Sacraments : Penance

In this series of essays Father Manny considers the nature of The Sacraments and reflects upon their meaning in our lives.

The Sacrament of Penance

As a young boy I remember the queues of penitents outside Fr. Lynch’s confessional and in contrast the one or two brave souls outside Fr. Rafferty’s confessional door. He was renowned for his severity and would sometimes require you to say a whole Rosary for your penance! Fr. Lynch however was gentle and easy going and more often than not would let you off with three Hail Marys.

We appear have moved a long way from those days of my childhood. Undoubtedly much of our confessional practice was based upon fear and discipline rather than a genuine sense of repentance and trust in God who is ‘The Father of Mercies’. Today it would seem that the pendulum has swung too far. Not infrequently I emerge from the confessional not having received a single penitent. Either I am blessed to have lived and worked in parishes where there is not a single sinner or something is amiss?

It is often said that our age has lost a sense of sin and yet I believe that the loss is of a much more serious nature. We have lost our sense of the utter goodness and holiness of God. It is only in the context of God’s holiness that we discover our unworthiness and the need for his mercy and forgiveness. William Barclay tells the story of journeying in a train through the countryside and noticing a beautiful little whitewashed cottage, bright and pretty in the morning light. Overnight there was a heavy fall of snow and as he returned past the same cottage set amongst the fresh white snow glistening in the morning sun he thought how, in comparison the same little cottage now looked grey and grubby. It is only in the light of God’s love and beauty that we can see our sin and our need of His mercy.

The loss of the sense of sin is in essence a loss of the sense of God’s goodness. The sacrament of penance enables us to draw close to the Lord and in so doing we discover our sinfulness and the greatness of His mercy and Love. St John Vianney who spent many hours each day hearing confessions tells us that our sin is but a tiny grain of sand alongside the great mountain of God’s mercy. So why do we not seek to experience this mountain of God’s mercy?

Fear or embarrassment can often prevent us from approaching the confessional. “I am not letting the priest know my sins!” We should never allow fear to keep us away from encountering Christ in this sacrament. The priest is only interested in being an instrument of God’s mercy and he does not dwell upon our sins. There is something remarkable in this sacrament in that it truly does blot out all our sins. They are gone and in my experience gone from the consciousness of the priest also.

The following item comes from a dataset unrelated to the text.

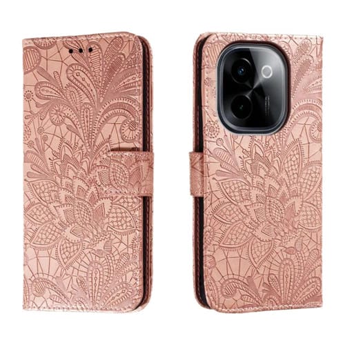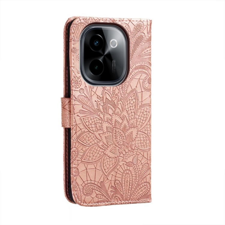 Funda de Cuero con Tapa y Estampado de Flores de Encaje para Vivo Y200 5G (Oro Rosa)

Not infrequently I hear it said by people that they can tell God that they are sorry directly and don’t need to go to confession. Why do we think that in this sacrament we can set aside the need for the Church and the Priest. We would never dream of doing this with the other sacraments such as anointing of the sick or the Eucharist. Yes the Lord is merciful but the Sacrament of Penance is about reconciliation and therefore involves at least two parties. Alone I can forgive someone who hurts me but I can only be reconciled if I communicate with the other party. The problem or the hurt needs to be named and the gestures of reconciliation made.

Sin is an offence against God and his people and so we need to be reconciled with Him and with His Church. It is truly wonderful to hear the words “I absolve you from all your sins, go in peace”. These tangible words and signs bring a joy and lightness to our hearts. I know this from my experience as a penitent. We priests must go to confession regularly too. In fact I could not survive and function as a priest without this sacrament. Both spiritually and psychologically it is invaluable.

The Council of Trent tells us that the Resurrection appearance of Jesus to the Apostles in the upper room towards the end of John’s Gospel is the foundation of this sacrament. The Crucified and Risen Lord breathes upon the Apostles and tells them that those whose sins you shall forgive they are forgiven. The sacrament of Reconciliation is the first gift of the Resurrection. A gift won for us through the blood and suffering of Christ. This is a precious gift, one to be received with a generous and open heart. We should never allow fear or a lack of faith to keep us away from so great a gift. The sacrament bestows upon us grace to help us to resist temptation in the future and it renews the grace or our baptism. Often it is said that the Church in the West is tired and weary. If we returned in great numbers to the sacrament of penance I am certain that this would be a vital key in our efforts to reinvigorate of our Church.